* [What to produce]
With the line containing "Le châle Llosa" as the final line, restate exactly every line of the data below from the first one onward, and copy no pictures.

___ Data section

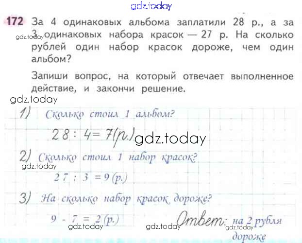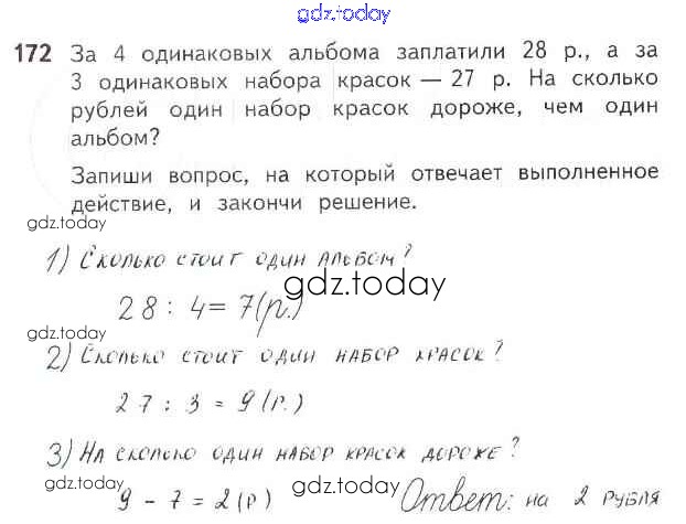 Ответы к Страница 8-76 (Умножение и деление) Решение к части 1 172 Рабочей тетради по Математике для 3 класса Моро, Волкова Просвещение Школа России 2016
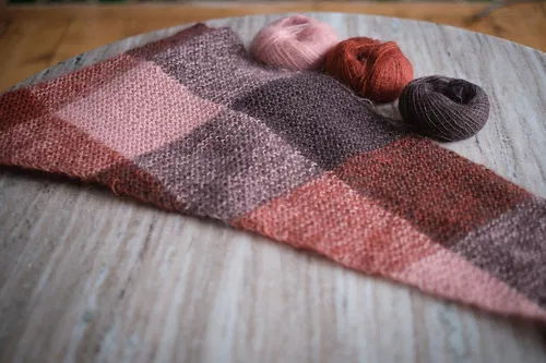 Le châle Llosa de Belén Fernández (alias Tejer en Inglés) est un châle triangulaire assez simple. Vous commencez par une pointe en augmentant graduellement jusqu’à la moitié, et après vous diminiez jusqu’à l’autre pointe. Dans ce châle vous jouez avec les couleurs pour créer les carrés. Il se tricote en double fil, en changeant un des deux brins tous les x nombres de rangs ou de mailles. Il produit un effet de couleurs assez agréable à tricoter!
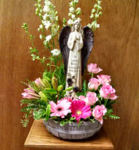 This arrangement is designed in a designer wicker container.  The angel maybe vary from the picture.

______

* [Answer space]
 Ответы к Страница 8-76 (Умножение и деление) Решение к части 1 172 Рабочей тетради по Математике для 3 класса Моро, Волкова Просвещение Школа России 2016
 Le châle Llosa de Belén Fernández (alias Tejer en Inglés) est un châle triangulaire assez simple. Vous commencez par une pointe en augmentant graduellement jusqu’à la moitié, et après vous diminiez jusqu’à l’autre pointe. Dans ce châle vous jouez avec les couleurs pour créer les carrés. Il se tricote en double fil, en changeant un des deux brins tous les x nombres de rangs ou de mailles. Il produit un effet de couleurs assez agréable à tricoter!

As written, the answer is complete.